In all honesty, it is my gratitude that’s called for and required here, JB.
This would be a lonely and less dynamic space without your constant and generous support. Thank you for your graceful words and friendship…
I am always happy that I’ve found you, found this place, and I understand the sinking feeling as well. If I were in your shoes, if I could have made a different choice years ago, I would hold on, not let this passion fall to the wayside. It is hard ever finding it again, even when the yearning is achingly needing.
I thank you, once again, for reminding me of how powerful and intimate it can be to share so much of oneself.

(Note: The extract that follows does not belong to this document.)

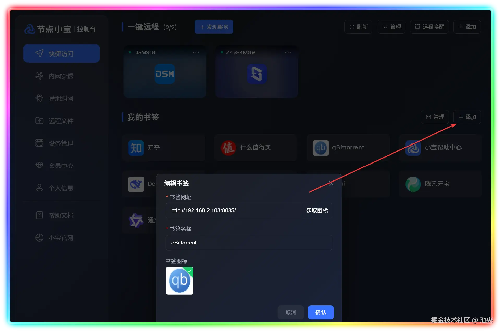 ▼【快捷访问】本质就是导航工具栏,像我们玩 NAS 通常都会部署 Heimdall 、Van-Nav 等应用,访问各种应用会更加方便。

Your own extremely generous words and thoughts also serve as a cue to me, Edward. While I never take this sharing – nor the incredible engagement people continue to lavish upon me seven years down the track – for granted, I often lose sight of the force you speak of.
Thank you for the reminder that my work, no matter how sporadic this year, continues to evoke the passion I feel, even, or especially, when I doubt it.
I came to it late (for once) 🙂
Your site is a box of sexy delights. Witty, intelligent, thought provoking. Wonderfully sensual images and lovely words. Always a fabulous Minx.
At least you’ve managed to come, right? 😉
I’m so touched by your amazingly generous thoughts and praise, Nick, not merely on this post but on every single image and word I’ve been posting…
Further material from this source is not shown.